* **What you should do**
With the pictures left out, write out exactly the lines of the listing below that run from the line with "Pepeljasti moljac je" through the line with "Президент Якутии Михаил Николаев кается".

* **Data records**
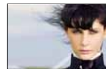
إيما شابلن الجمعة 9 آب (أغسطس)

ولد الأسطورة الغنائية اليونانية في الإسكندرية قبل أن ينتقل في مطلع الستينيات إلى اليونان حيث استخدم ما تعلمه في كورال الكنيسة في مصر. بعد سلسلة نجاحات عالمية، صدم قرار اعتزاله في 1978 محبيه ليقرّر العودة بعد نجاته مع زوجته من حادثة اختطاف طائرة روما الشهيرة التي كانا على متنها عام 1985.
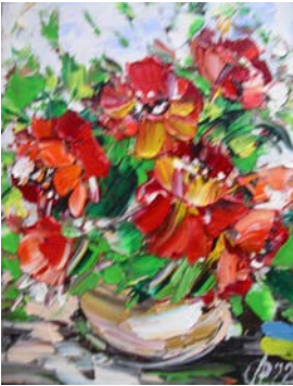
2022, „Frische von Mohn“, Öl/Lw-platte, 25,4 x 20,4 cm
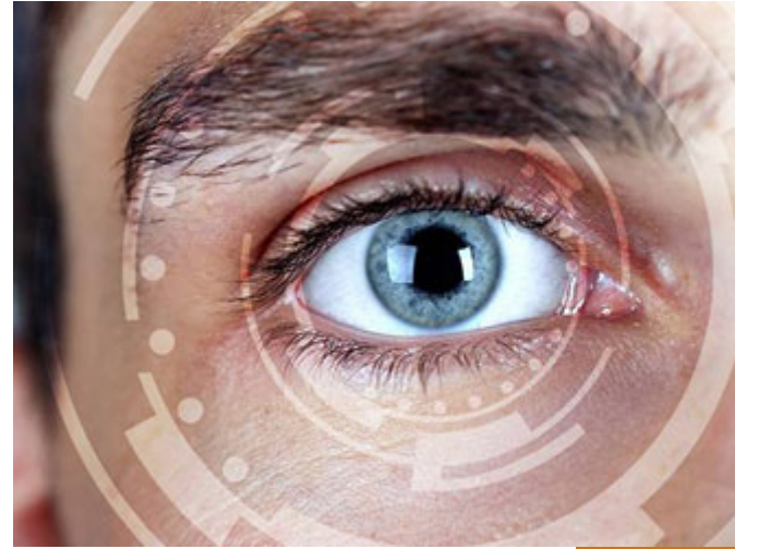
البصير خلق البصر

قرنية، وفزجية، وشبكية، وطبقات، ومطابقة، ومطابقة باللحظة، الآن يقول لك: يوجد صورة على الموبايل خطيرة جداً، تأخذ بانوراما، العين البشرية لو كنت تتابع مباراة كرة قدم تُلقى الكرة من أول الملعب لآخره، بكل لحظة هي بعد مختلف عن عينك من اللحظة التي قبلها، وتتم المطابقة آنية كل لحظة بلحظتها، حتى ترى الكرة بكل لحظة بوضعها الطبيعي دون تشويش، تنتقل وتراها [أَلَمْ تَجْعَلْ لَهُ عَيْنَيْنِ] فالبصير خلق البصر، الآن إذا كنت تعلم أن الله يرى، فلا ينبغي أن تعصيه، تتحرك بمعصيته؛ لأنو يراك، كل أسماء الله الحسنى تقريباً، كلها لها معنى ولها انعكاس في الكون، وينبغي أن يكون لها انعكاس على السلوك، هذه الأمور الثلاثة مع بعضها تحقق معنى قوله تعالى: [وَلِلَّهِ الْأَسْمَاءُ الْحُسْنَى فَادْعُوهُ بِهَا] وتحقق معنى قوله صلى الله عليه وسلم: (مَنْ أَحْصَاهَا دَخَلَ الْجَنَّةَ).
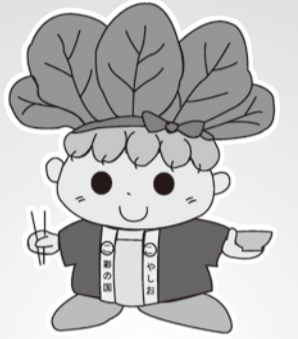
ハッピーごまちゃん®
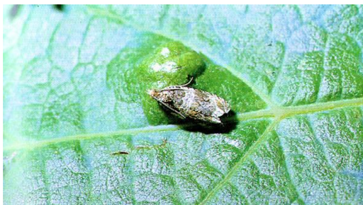
Slika 6. Pepeljasti grozdov moljac

Pepeljasti moljac je povremeni - periodički štetnik kod nas. Naglo se javlja, godinu - dvije, a rjeđe tri, i naglo, sam od sebe, iščezava. Jačina napada i veličina štete zavisi od meteoroloških prilika. U pojedinim godinama i 50-70% berbe biva uništeno od ovog štetnika (Brmež i sur., 2010.).
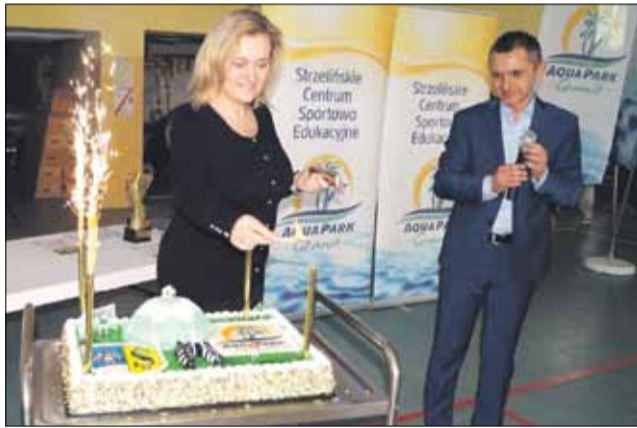
Podczas wręczenia nagród na zawodników czekała słodka niespodzianka

W niedzielę, 4 marca w hali sportowej Publicznej Szkoły Podstawowej nr 3 w Strzelinie rozegrano Turniej Mistrzów Halowej Ligi Piłki Nożnej. Tego dnia odbyła się również gala wręczenia nagród dla zwycięzców XV edycji Halowej Ligi Piłki Nożnej.
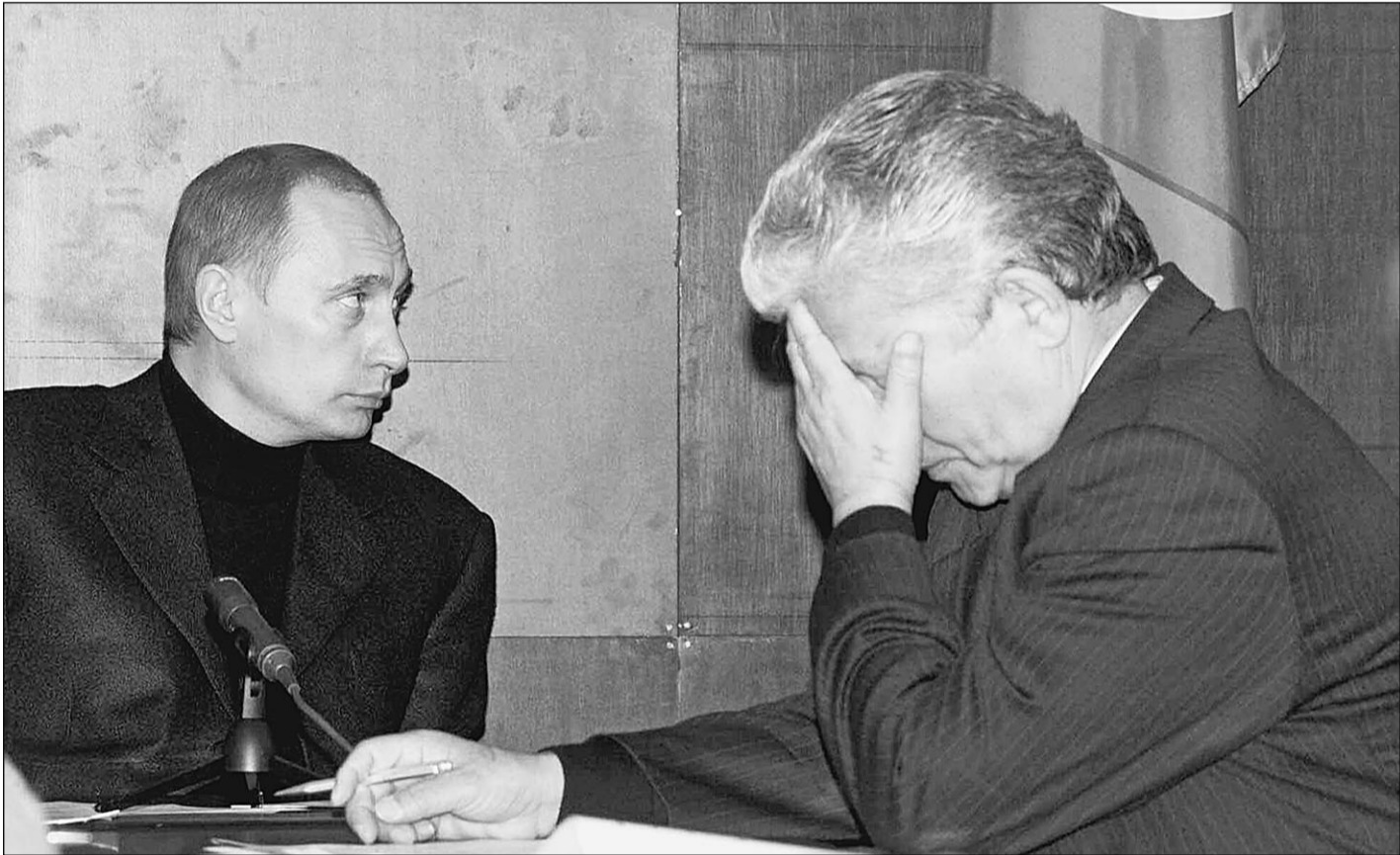
Президент Якутии Михаил Николаев кается
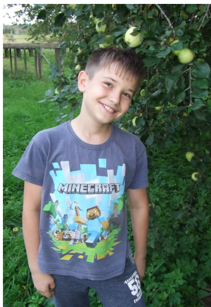
Dzintars - nu jau atkal Ķeipenes pamatskolas skolnieks
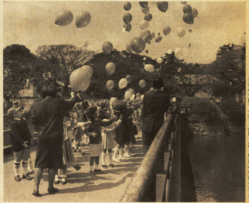
先生の合図で一斉に風船を放す城内小の新一年生

この日、小田原城跡にある城内小学校では、新入生六十一人が、入学の記念に、学校前のお堀に架かっている学橋(まなびばし)から色とりどりの風船を一齐に大空に放ちました。新入生たちは、歓声を上げながら空に吸い込まれていく風船を見えなくなるまで見送っていました。続いて、「コイの稚魚を橋の上からお堀に放し、「元気に育つてね」と魚に声を掛けていました。
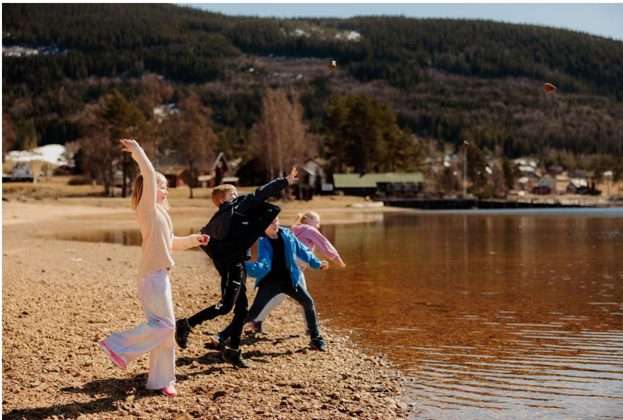
KRAFT OG RETNING
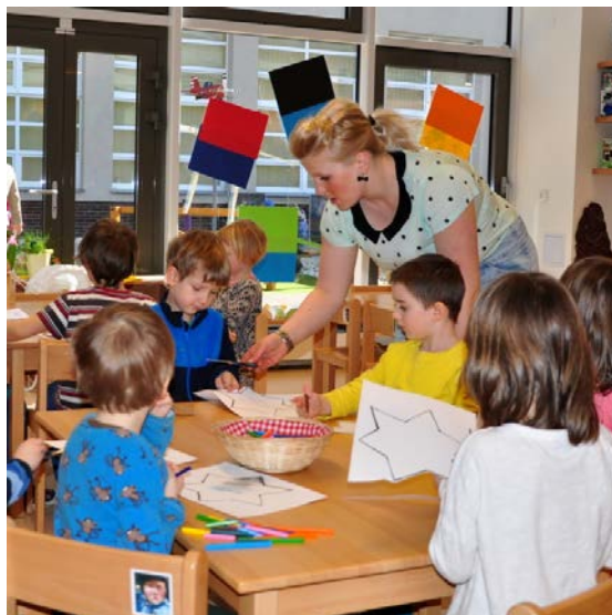
Aktivita č. 14: Co mi jde, co dělám to rád? Výroba hvězdy.

* **Solution for this problem**
Pepeljasti moljac je povremeni - periodički štetnik kod nas. Naglo se javlja, godinu - dvije, a rjeđe tri, i naglo, sam od sebe, iščezava. Jačina napada i veličina štete zavisi od meteoroloških prilika. U pojedinim godinama i 50-70% berbe biva uništeno od ovog štetnika (Brmež i sur., 2010.).
Podczas wręczenia nagród na zawodników czekała słodka niespodzianka

W niedzielę, 4 marca w hali sportowej Publicznej Szkoły Podstawowej nr 3 w Strzelinie rozegrano Turniej Mistrzów Halowej Ligi Piłki Nożnej. Tego dnia odbyła się również gala wręczenia nagród dla zwycięzców XV edycji Halowej Ligi Piłki Nożnej.
Президент Якутии Михаил Николаев кается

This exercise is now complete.